Audio article narrated by OpenAI
At Sound Transit, the chief engineer who opens a station is not making an efficiency decision. He is making a safety decision that will hold while hundreds of thousands of commuters pass through that station biweekly, across 4,500 as-built drawing sheets that no team can humanly review in full. The question TwinKnowledge set out to answer is not how to automate that review; it is how to give the engineer and their team agency over making more confident decisions. Luke Reeve, Head of AI Solutions, is the person closest to that question. He left structural engineering after two weeks reviewing fabricator drawings against design intent, six hours a day, on a steel build in Atlanta long enough to understand, from the inside, what the industry was asking of its people, and what it was costing them. What follows is a conversation about what it means to build AI-native products in an industry that has spent decades layering complexity onto problems it never quite solved.
About Luke Reeve
Luke Reeve is Head of AI Solutions at TwinKnowledge, an AI-native construction document intelligence company serving enterprise clients including Sound Transit, Toll Brothers, and the Port Authority of NY/NJ. Trained as a structural engineer at Georgia Tech and as a design researcher at Harvard GSD, Luke joined TwinKnowledge at its earliest stage, working alongside founder Ivan Panushev to build what they describe as a knowledge layer for the built environment. His role sits at the intersection of applied AI research and client-facing solution design, making him the person closest to both the technical architecture and the product’s field-deployment reality.
—
“When you can tap into someone’s ability to find meaning in what they do, that’s when you start having real effect in people’s lives.” Luke Reeve
—
Three conditions for AI that engineers will trust
The Sound Transit case is TwinKnowledge’s most cited proof point: 1,300 percent improvement in review efficiency across 4,500 as-built drawing sheets reviewed biweekly. The number is striking. But Luke is clear that the number is not the point.

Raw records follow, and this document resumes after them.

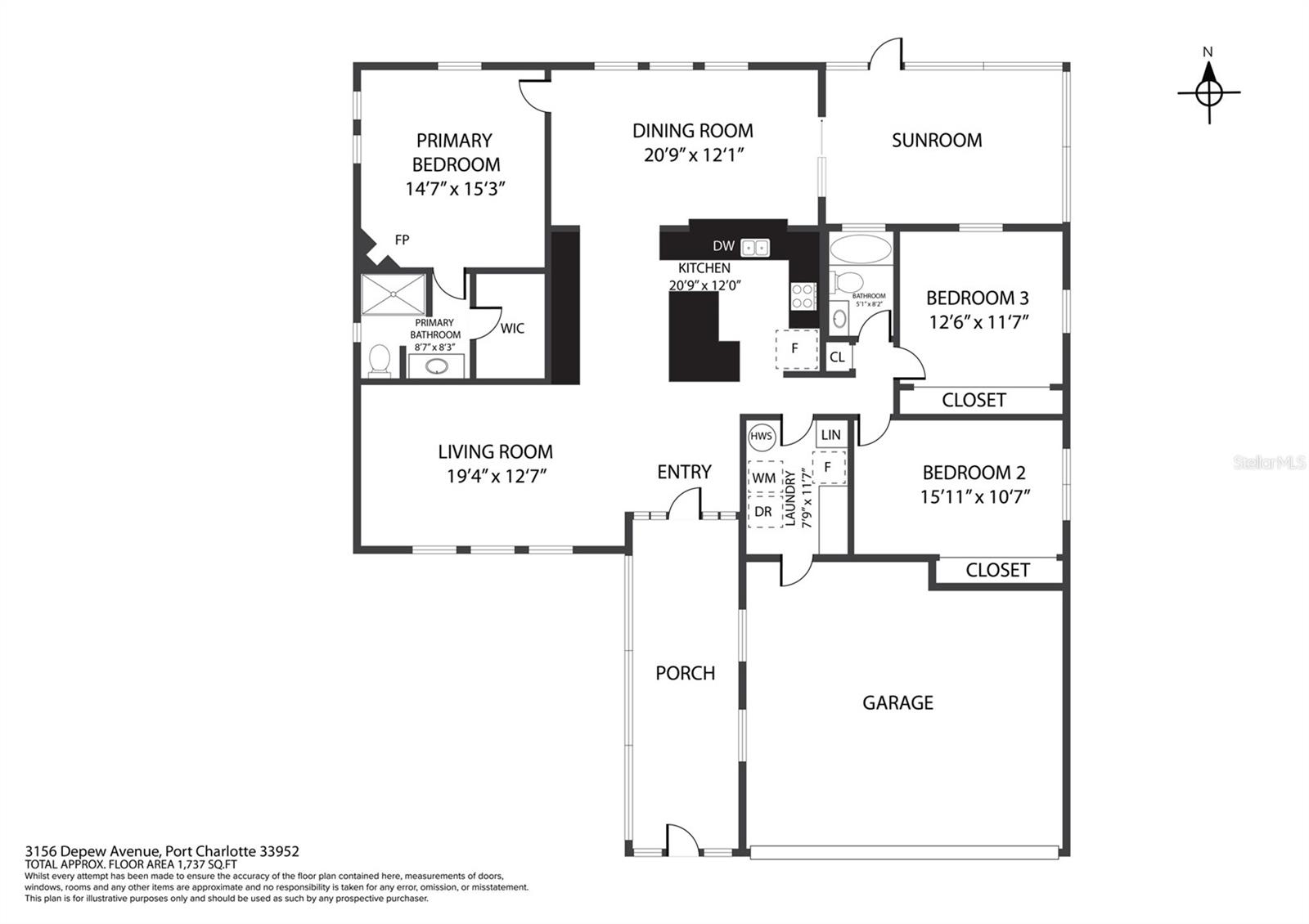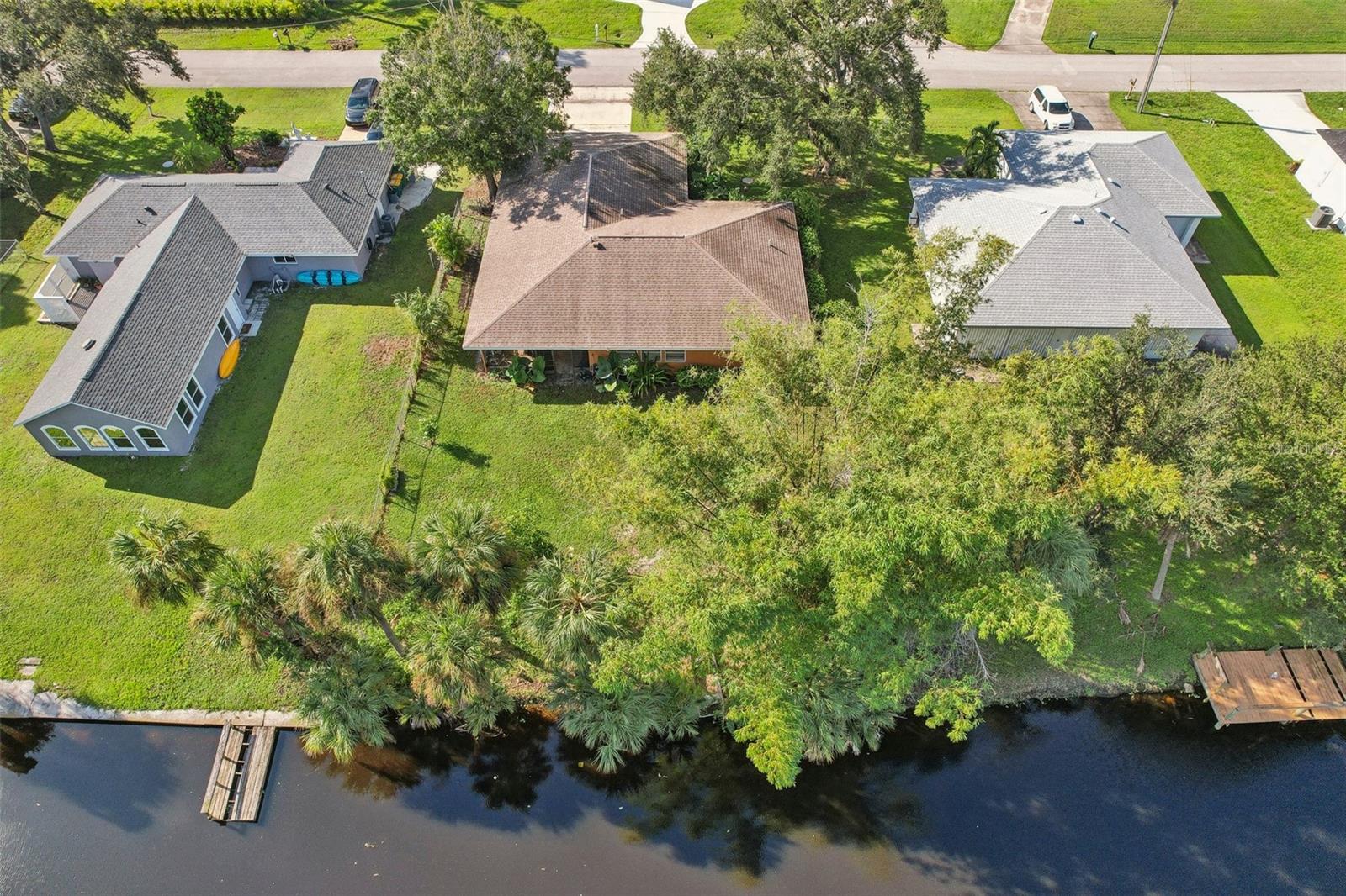 You won't want to miss this stunning 3-bedroom, 2-bath, 2-car garage waterfront canal home! It boasts a brand-new screened front porch, perfect for relaxing. Inside, you'll find beautiful tile flooring throughout, a custom kitchen with a large island, snack bar, solid wood cabinets, granite countertops, and a glass tile backsplash. The home features both living and family rooms, with a slider to the screened lanai. Spacious bedrooms, ceiling fans throughout, and custom tile showers in the bathrooms. The fenced yard offers serene water views on a navigable freshwater canal. The garage is vented for AC, which makes the total area under air 2360 sf. No HOA or CDD fees, plus great curb appeal with tropical plants and a large shade tree! This is a must-see!
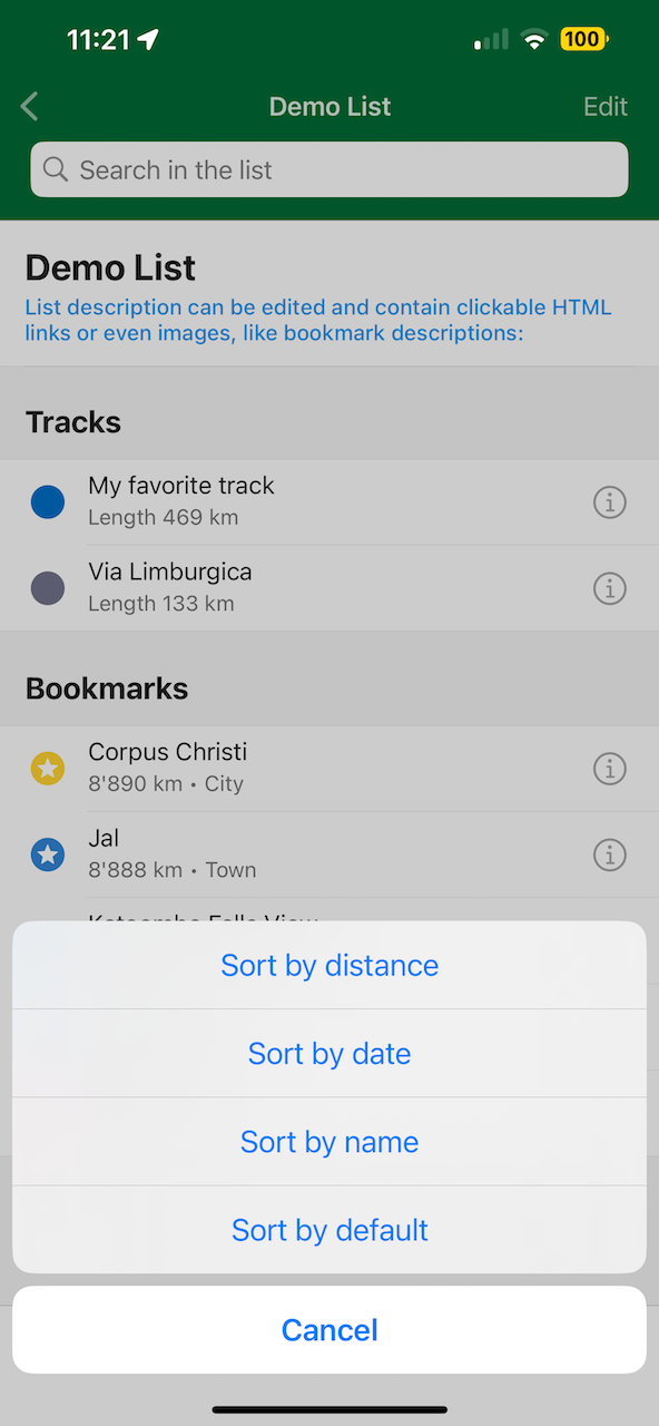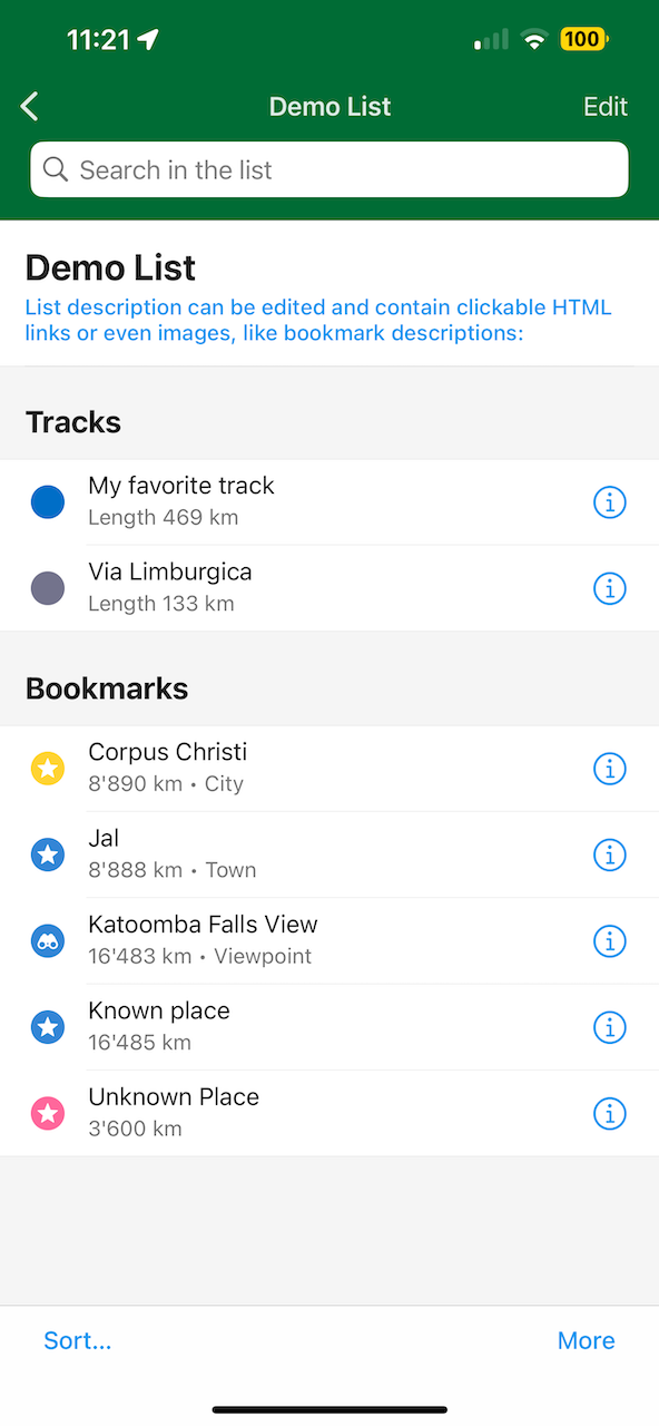 - Tap the list name on the Place Information Page to select a new list for a bookmark or track, and use the new search to quickly find the list you want. (Kiryl Kaveryn)
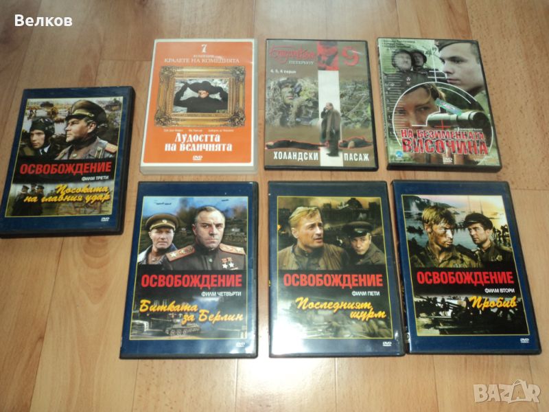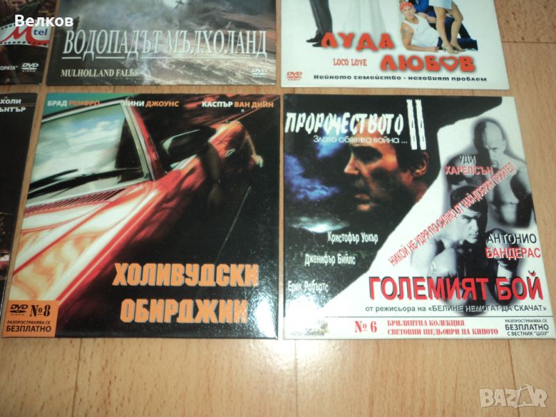 ДВД дискове с филми, 26 бр. по 2лв. 1,02€, всички 35лв. 17,90€. Повечето не са пускани, а някои са гледани по веднъж.

“We’re helping to give the chief engineer more confidence to open stations, not just improve review coverage — which is part of what we do, but that’s not the end goal. The end goal is to give him more confidence. When you can tap into someone’s ability to find meaning in what they do — for him, he’s keeping the entire Seattle region safe — that’s meaning. That’s when you start having real effect in people’s lives.”
The distinction matters for product design. Optimising for review coverage produces a different product experience than optimising for decision confidence. Coverage is a throughput metric; confidence is a trust architecture problem. To get an engineer whose professional liability rests on a safety decision to rely on an AI system, three conditions must be met simultaneously.
Luke names them with the directness of someone who has tested each against real clients:
Transparency: every answer must carry a clickable reference to the source document, surfacing the exact passage that grounded the AI’s output. Not a sheet number; a linked view of the highlighted text. The friction of a non-linked reference is enough to break the verification habit.
Bite-sized delivery: KPF Architects reframed TwinKnowledge’s original workflow model entirely. The instinct was to run large checks at milestone stages: 30 percent CDs, 60 percent CDs, 90 percent. KPF pushed back. They wanted a daily product, not a milestone product. Check the doors on this floor for ADA compliance today. Twenty items, 50 items; something a reviewer can actually interview and close.
Controllability: When the AI produces a result the user knows is wrong, what can they do next? This is where generic AI tools fail in production environments. With a closed model, you get what you get, and the path to correction is opaque.
“With building a layer on top of the models, we have all these levers we can use — fine-tune, even build new tools — to help them get to the answer they want. With Copilot or ChatGPT, when you don’t get what you want or it’s incorrect, what are your steps? They just aren’t there, especially for our data in our industry.”
Clifton Harness of TestFit, speaking on the Bricks and Bytes episode on 80/20 advice for construction AI, put the challenge bluntly: a lot of AI tools sold to construction companies right now deliver 80 percent of the value of opening ChatGPT, in one percent of the time, with none of the integration. The implicit question is what the remaining 20 percent actually requires. Luke’s three conditions are a direct answer: transparency, granularity, and correction pathways are not achievable by pointing a generic model at a messy drawing set. They require a knowledge layer built specifically for how construction documents behave.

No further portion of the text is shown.